§ **Exercise objective**
Return the listing below unchanged, minus its pictures.

§ **Given data**
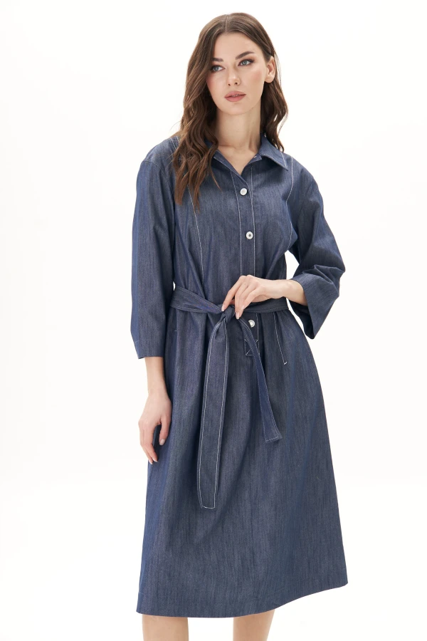 Платье полуприлегающего силуэта, втачного покроя, с рубашечным воротником на цельнокроеной стойке. Полочка с вертикальными рельефами и частичной застежкой на петли и пуговицы. По боковым швам - карман с листочкой. Спинка с отрезной кокеткой, срезным швом и вертикальным частичным рельефом. Модель дополнена съемным поясом. Все конструктивные элементы подчёркнуты отделочными контрастными строчками.Длина платья 107 см. Длина рукава 48 см.
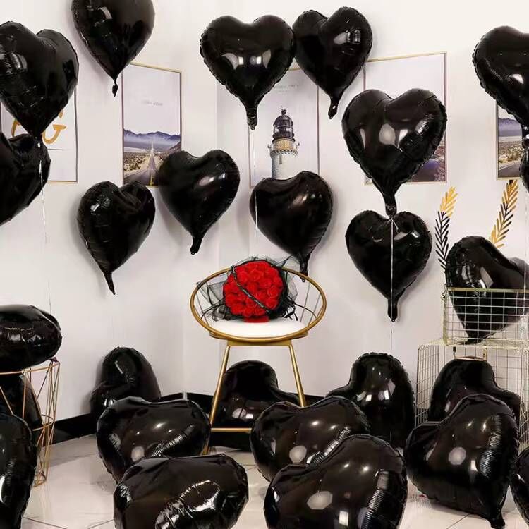 • 18inch 블랙 하트 - 리본이 없는 10개, 약 10m
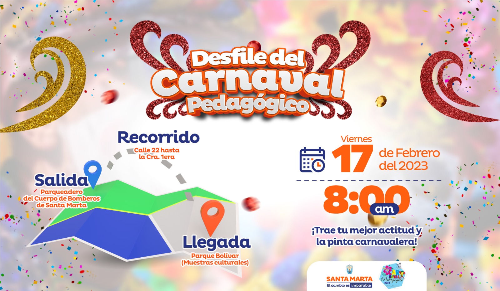 Como una manera de fomentar el arte, la cultura y las tradiciones de la ciudad, este viernes 17 de febrero se realizará el desfile folclórico del Carnaval Pedagógico 2023, una actividad coordinada entre la Alcaldía de Santa Marta, por medio de la Secretaría de Educación Distrital, las instituciones educativas y el comité organizador de este evento.

§ **Answer to the problem**
 Платье полуприлегающего силуэта, втачного покроя, с рубашечным воротником на цельнокроеной стойке. Полочка с вертикальными рельефами и частичной застежкой на петли и пуговицы. По боковым швам - карман с листочкой. Спинка с отрезной кокеткой, срезным швом и вертикальным частичным рельефом. Модель дополнена съемным поясом. Все конструктивные элементы подчёркнуты отделочными контрастными строчками.Длина платья 107 см. Длина рукава 48 см.
 • 18inch 블랙 하트 - 리본이 없는 10개, 약 10m
 Como una manera de fomentar el arte, la cultura y las tradiciones de la ciudad, este viernes 17 de febrero se realizará el desfile folclórico del Carnaval Pedagógico 2023, una actividad coordinada entre la Alcaldía de Santa Marta, por medio de la Secretaría de Educación Distrital, las instituciones educativas y el comité organizador de este evento.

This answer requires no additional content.